• _What you need to do_:
Below are records; from the line containing "Tech Guild meetup for August" through the very last line, output each line exactly. No pictures.

• _Material for this task_:

== == ==

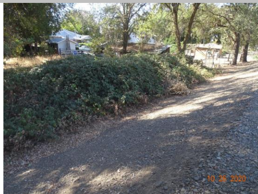
View of the blackberry bushes along the landside toe. Fall 2020.
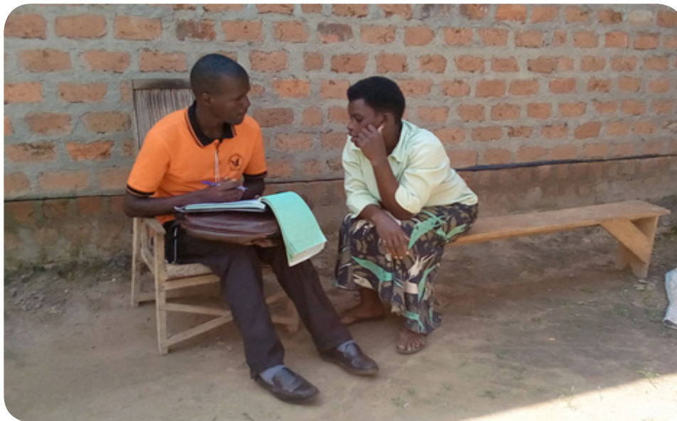
CDI staff during a home visit

into the OVC enrollment form, the OVC comprehensive service registers, and the quarterly OVC MIS reports compiled and shared with the key sub county and district officers. These can well be viewed on the OVC MIS Ministry of Gender, Labor and Social Development website.
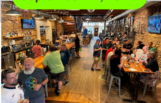
Tech Guild meetup for August
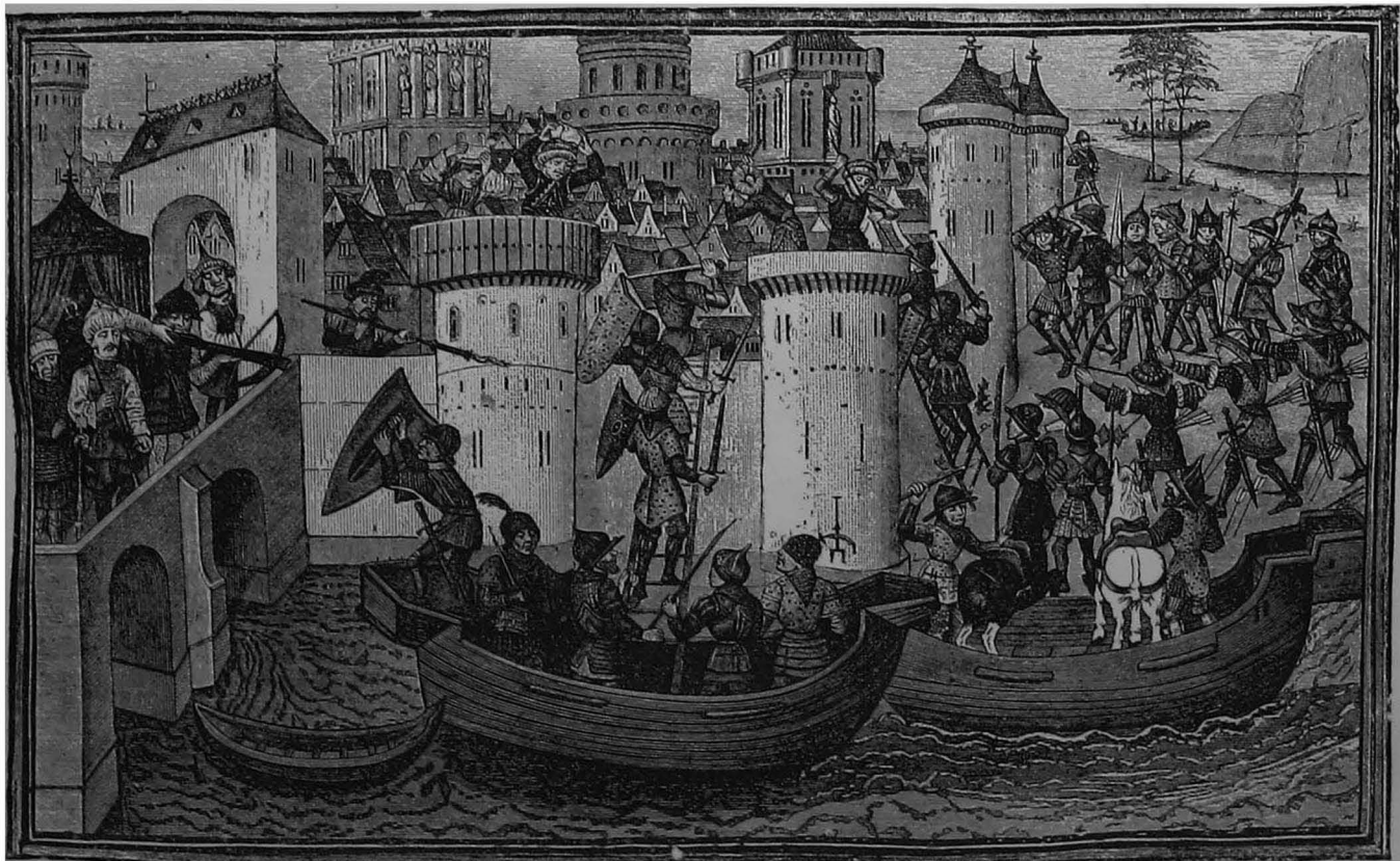
SIEGE OF CONSTANTINOPLE.

== == ==

• _Exercise response_:
Tech Guild meetup for August
SIEGE OF CONSTANTINOPLE.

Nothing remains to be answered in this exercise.